The widespread detection of phosphine gas on Venus – a possible “biosignature” that suggests the hellish planet could have living microbes in its clouds – was likely caused by an entirely different gas that is not a clear sign of life, according to new research.
Studies by a team of US scientists suggest that the radio telescope observations believed to reveal phosphine on Venus were instead caused by sulfur dioxide, which gives signals that, under certain conditions, could be confused with phosphine.
The latest research published in January also suggests the radio signals came from far above the Venus clouds, where phosphine would be quickly destroyed by other chemicals – further reinforcing the idea that they were caused by sulfur dioxide.
“Our new research makes detection of phosphine a lot less likely,” said Victoria Meadows, an astrobiologist and professor of astronomy at the University of Washington in Seattle who helped lead the studies. “We can easily explain the observations using sulfur dioxide … and it doesn’t require any unknown chemistry.”
Sulfur dioxide is a relatively common gas on Venus, believed to be caused by the chemistry of the thick, non-breathable atmosphere and possibly volcanoes. It is also found in the Earth’s atmosphere, where it mainly comes from volcanoes and from burning fossil fuels.
Phosphine gas, on the other hand, is created on Earth by some microorganisms as they digest organic matter, and so it is considered a possible “biosignature” – meaning that its detection in the atmospheres of distant planets could be a sign of elemental life.
The British-led team of scientists that first reported the possible detection of phosphine on Venus said it knew of no chemical process that could produce it – leading to the suggestion that it could come from microbes found in the clouds float from the planet miles above the super-hot surface. .

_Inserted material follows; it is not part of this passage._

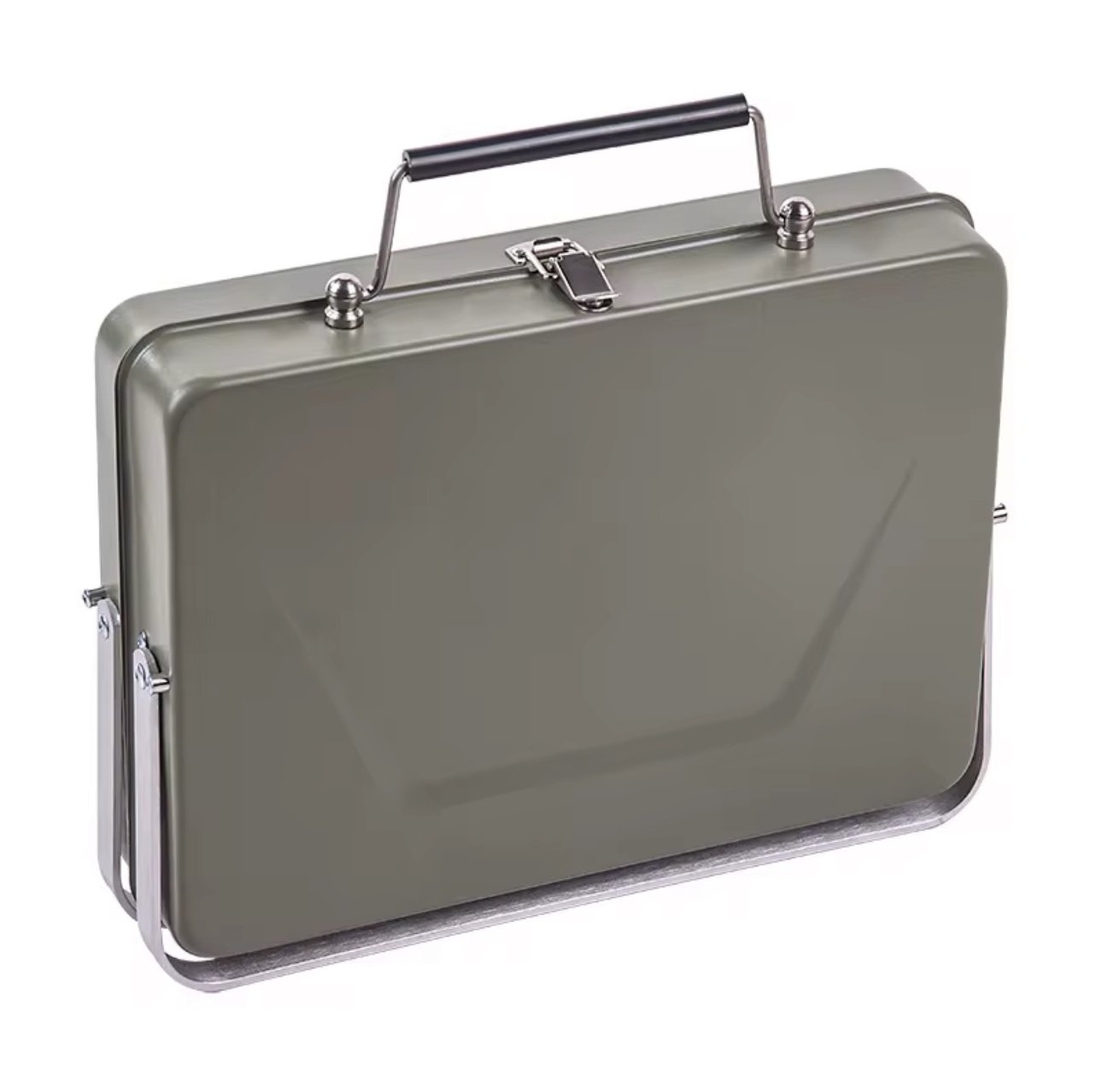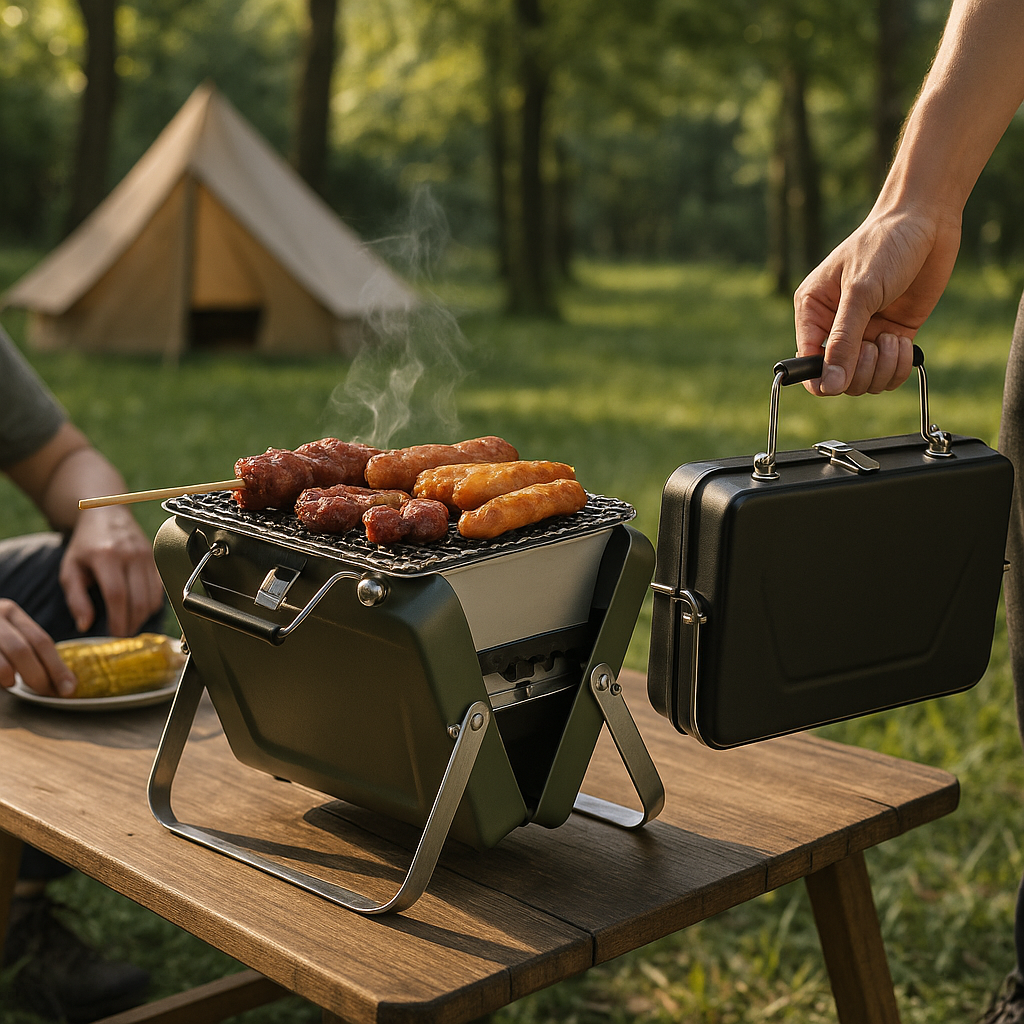 Emportez l’art du barbecue partout avec vous grâce à ce mini grill compact et pliant. Conçu pour être aussi pratique qu’élégant, il se transforme en quelques secondes d’une valisette discrète et légère en un véritable barbecue prêt à l’emploi. Disponible en deux couleurs : noir ou vert.

After the scientists reconsidered their initial findings with recalibrated data from the ALMA telescope in Chile’s Atacama Desert, they said they still believed they had detected phosphine on Venus, but much less. They now hope to provide a detailed response to the new research within weeks.
Ignas Snellen, professor of observational astrophysics at Leiden University in the Netherlands who was not involved in the latest studies, said it now seemed unlikely that there was phosphine on Venus.
The recalibrated data from the ALMA telescopes showed no evidence of phosphine, and previous detections by the James Clerk Maxwell radio telescope in Hawaii could now be explained as sulfur dioxide, he said.
“I think the story of phosphine and possibly life on Venus ends here,” he said.